Keep to one stretch of the data below, the lines from the one with "Drew Crosby of" up to and including the one with "and closed storage.", and return that stretch exactly.

• **INFORMATION**:
• • • •

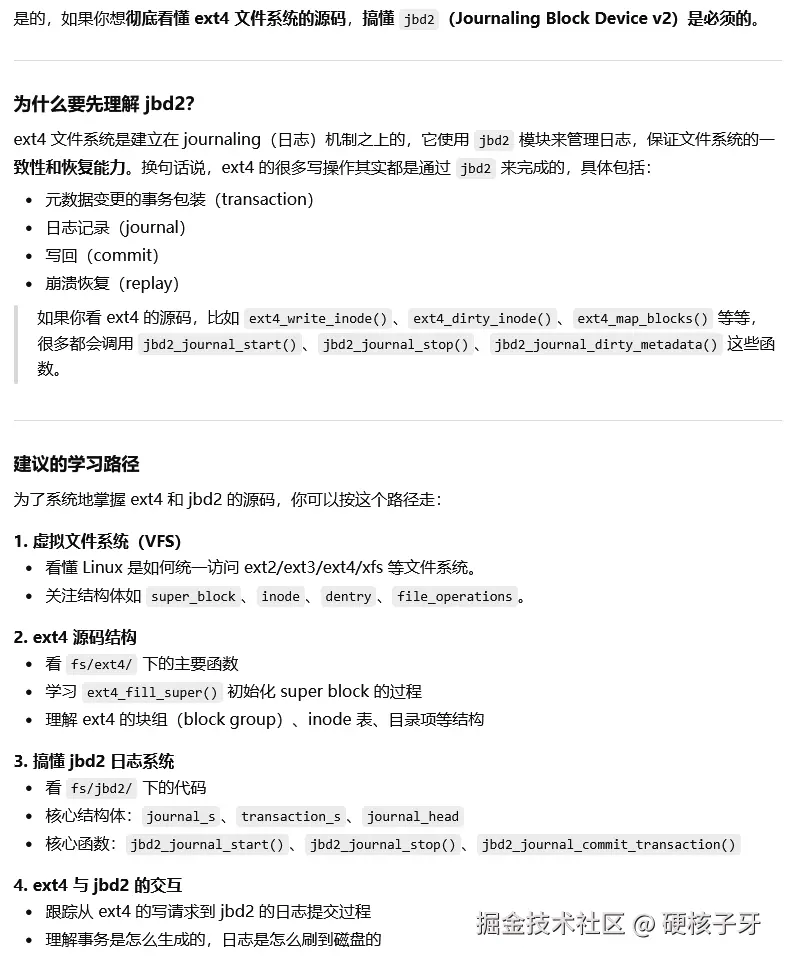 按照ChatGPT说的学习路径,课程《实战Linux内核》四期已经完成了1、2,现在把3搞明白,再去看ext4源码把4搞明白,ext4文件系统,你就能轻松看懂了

• • • •

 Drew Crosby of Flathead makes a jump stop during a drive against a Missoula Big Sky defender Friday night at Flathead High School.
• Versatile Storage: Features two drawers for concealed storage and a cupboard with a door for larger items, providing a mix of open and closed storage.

• • • •

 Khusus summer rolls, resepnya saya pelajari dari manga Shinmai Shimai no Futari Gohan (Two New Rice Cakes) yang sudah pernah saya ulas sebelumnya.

• • • •

• **TASK RESPONSE**:
 Drew Crosby of Flathead makes a jump stop during a drive against a Missoula Big Sky defender Friday night at Flathead High School.
• Versatile Storage: Features two drawers for concealed storage and a cupboard with a door for larger items, providing a mix of open and closed storage.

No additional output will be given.